Disclosure Documentation for Known, Latent, Material Defects under TRESA

We all know that there is a brand new obligation arising under TRESA, and that is the disclosure of known, latent, material defects by the Listing agent.

This is not the case until TRESA Phase 2 comes into force on 1 December 2023.

Once, it is “in play”, the disclosure will have to be made. Right now, it’s still “caveat emptor”. The obligation is placed upon the Buyer and the Buyer’s agent to find out. After 1 December 2023, a Buyer or their agent could sue the Listing agent for failing to disclose.

The New Law under TRESA

“22.2 (1) If a seller has a legal obligation to disclose a fact to the buyer and the fact is known to the broker or salesperson who represents the seller, the broker or salesperson shall disclose the fact to every buyer who expresses an interest in the real estate.”

Seller’s Obligation

The Seller’s obligation to disclose is limited to known, material latent defects.

First, the Seller actually has to have knowledge.

Then, the defect must be latent, not patent.

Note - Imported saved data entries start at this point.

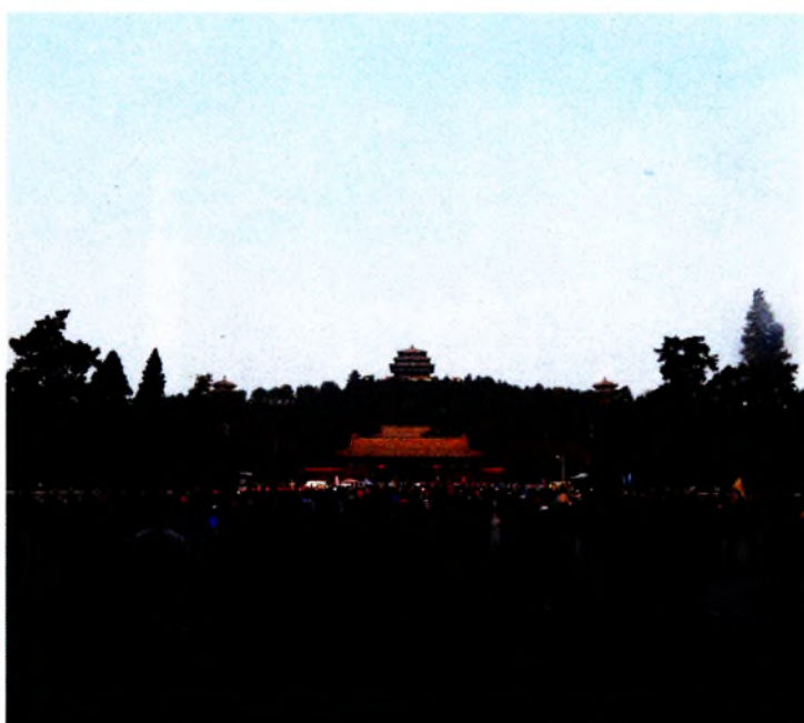
Рис. 3–6. «Запретный город». Пекин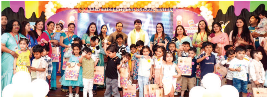
ओरिएंटेशन डे पर अतिथियों के साथ नवप्रवेशी छात्र-छात्राएं।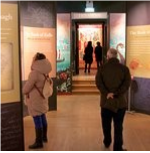
The Book of Kells and the Old Library Exhibition

Exceptionnelle visite, tant pour le fameux livre que pour la bibliothèque

If it is in clear view, then the Buyer, the Buyer’s agent or the Buyer’s home inspector should be able to see it quite easily.

A latent defect will be something not easily found or discoverable upon examination. There’s no obligation (or right) to start pulling apart the walls to find something.

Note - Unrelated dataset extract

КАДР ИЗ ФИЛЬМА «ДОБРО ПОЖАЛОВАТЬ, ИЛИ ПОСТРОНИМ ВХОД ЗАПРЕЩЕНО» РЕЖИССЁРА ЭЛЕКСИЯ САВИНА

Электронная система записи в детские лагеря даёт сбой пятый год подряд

Then, the next test is whether it is material. That means “important enough” to warrant disclosure. It reaches that criteria if:

  1. The defect renders the property uninhabitable, or
  2. Structurally unsound.

So, there’s mould and termites in the house, but the Seller doesn’t know about them.Then, there’s no obligation for disclosure. The long time homeowner knew about the problems but passed away. The sale is being handled by the Estate Trustee who has no knowledge. Again, there’s no disclosure obligation.

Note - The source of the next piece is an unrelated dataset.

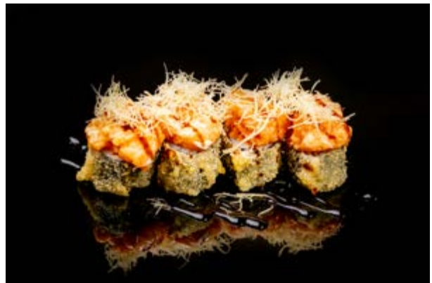
191. Zen roll fry € 12 4pz SALMONE AVOCADO PHILADELPHIA ,SALMONE SPICY ,TERIYAKI KADAIFI (1-4-6-7)

How significant are the termite and mould problems? They would have to be significant to crossover the material fact criteria. A couple of termites or a little bit of mould would not have to be disclosed.

Listing Agent’s Duties

The new duties under TRESA only “kick in” if the Listing agent also has “knowledge”. This naturally is “in addition” to the Seller.

Let’s presume that the Listing agent goes downstairs and sees both the mould and the termite trails. Do they have to tell? No, they only have to tell, if their Seller has an obligation. But, the Seller actually doesn’t know about it. So, they should obviously “keep quiet”.

Latent, Material Defects Requiring DISCLOSURE

Let’s presume that we have met the threshold disclosure requirements. What should the Listing agent do?

  • First, tell the Seller.
  • Second, obtain the Seller’s permission to disclose.
  • Third, document the facts and the consent.
  • Fourth, disclose the facts to the Buyer and/or the Buyer’s agent.
  • Fifth, document the disclosure,
  • Sixth, get the recipient to acknowledge receipt of the disclosure,
  • Seventh, give the recipient a copy of the document.
  • Eighth, deliver a copy of the document to the Seller.

The Steps

The steps were all set out in TRESA:

“22.2 (2) The registrant shall make best efforts to obtain a written acknowledgement from each buyer who receives the disclosure under subsection (1) indicating that the disclosure has been received and, if a buyer makes the acknowledgement, provide them with a copy.”

Seller’s Document

We have to have a document from the Seller authorizing the disclosure otherwise, this is a breach of the Listing agent’s fiduciary duties. Those particular duties at risk would be: disclosure, obedience, competence, confidentiality and a loyalty.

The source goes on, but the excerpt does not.